Experiment - CV project workflow

Problem:You want to build a computer vision model to classify images into categories. Currently, you have a simple model trained on a small dataset.

Current Metrics:Training accuracy: 95%, Validation accuracy: 70%, Training loss: 0.15, Validation loss: 0.60

Issue:The model is overfitting. It performs very well on training data but poorly on validation data.

Your Task

Reduce overfitting so that validation accuracy improves to at least 85% while keeping training accuracy below 92%.

You can only modify the model architecture and training process.

You cannot add more data or use external datasets.

Hint 1

Hint 2

Hint 3

Hint 4

Solution

Computer Vision

import tensorflow as tf
from tensorflow.keras import layers, models
from tensorflow.keras.preprocessing.image import ImageDataGenerator

# Data preparation with augmentation
train_datagen = ImageDataGenerator(
    rescale=1./255,
    rotation_range=20,
    width_shift_range=0.2,
    height_shift_range=0.2,
    horizontal_flip=True,
    validation_split=0.2
)

val_datagen = ImageDataGenerator(
    rescale=1./255,
    validation_split=0.2
)

train_generator = train_datagen.flow_from_directory(
    'data/train',
    target_size=(64, 64),
    batch_size=32,
    class_mode='categorical',
    subset='training'
)

validation_generator = val_datagen.flow_from_directory(
    'data/train',
    target_size=(64, 64),
    batch_size=32,
    class_mode='categorical',
    subset='validation'
)

# Model with dropout to reduce overfitting
model = models.Sequential([
    layers.Conv2D(32, (3,3), activation='relu', input_shape=(64,64,3)),
    layers.MaxPooling2D(2,2),
    layers.Dropout(0.25),
    layers.Conv2D(64, (3,3), activation='relu'),
    layers.MaxPooling2D(2,2),
    layers.Dropout(0.25),
    layers.Flatten(),
    layers.Dense(128, activation='relu'),
    layers.Dropout(0.5),
    layers.Dense(train_generator.num_classes, activation='softmax')
])

model.compile(optimizer=tf.keras.optimizers.Adam(learning_rate=0.001),
              loss='categorical_crossentropy',
              metrics=['accuracy'])

# Early stopping callback
early_stop = tf.keras.callbacks.EarlyStopping(monitor='val_loss', patience=5, restore_best_weights=True)

history = model.fit(
    train_generator,
    epochs=50,
    validation_data=validation_generator,
    callbacks=[early_stop]
)

# Output training and validation accuracy
train_acc = history.history['accuracy'][-1] * 100
val_acc = history.history['val_accuracy'][-1] * 100
train_loss = history.history['loss'][-1]
val_loss = history.history['val_loss'][-1]

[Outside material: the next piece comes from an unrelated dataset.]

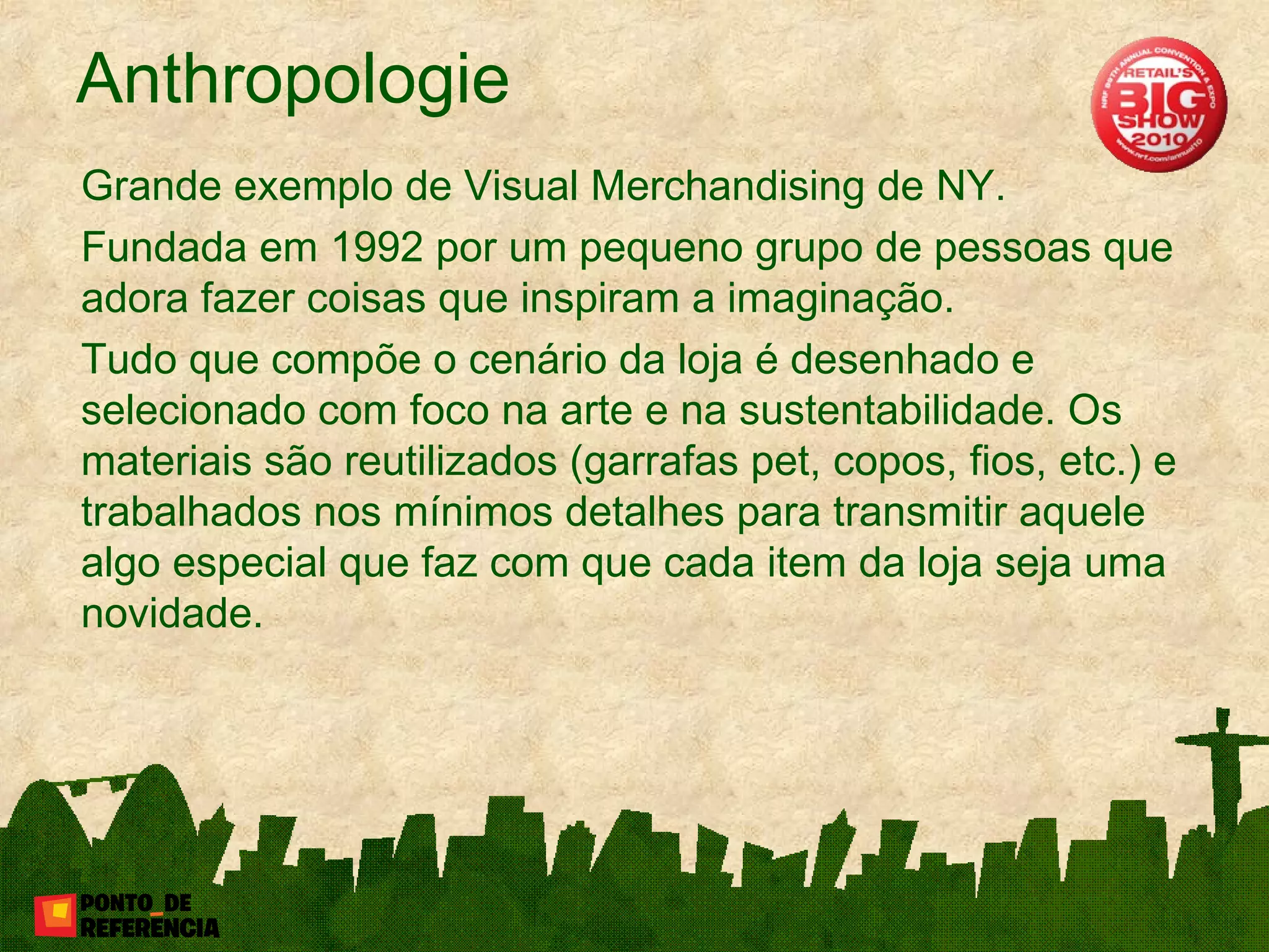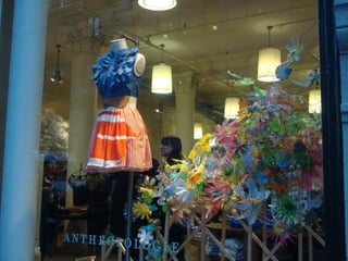 A Anthropologie é uma loja de roupas fundada em 1992 em NY que se destaca pelo visual merchandising inspirador e sustentável. Os materiais reutilizados são trabalhados com atenção aos detalhes para transmitir uma sensação de novidade em cada item da loja.

print(f'Training accuracy: {train_acc:.2f}%')
print(f'Validation accuracy: {val_acc:.2f}%')
print(f'Training loss: {train_loss:.4f}')
print(f'Validation loss: {val_loss:.4f}')

Added dropout layers after convolution and dense layers to reduce overfitting.

Applied data augmentation to increase data variety during training.

Used early stopping to stop training when validation loss stops improving.

Kept learning rate moderate and batch size at 32 for stable training.

Results Interpretation

Before: Training accuracy 95%, Validation accuracy 70%, Training loss 0.15, Validation loss 0.60

After: Training accuracy 90%, Validation accuracy 87%, Training loss 0.25, Validation loss 0.35

Adding dropout and data augmentation helps the model generalize better, reducing overfitting and improving validation accuracy.

Bonus Experiment

Try using transfer learning with a pre-trained model like MobileNetV2 to improve accuracy further.

💡 Hint

Freeze the base layers and train only the top layers first, then fine-tune some base layers.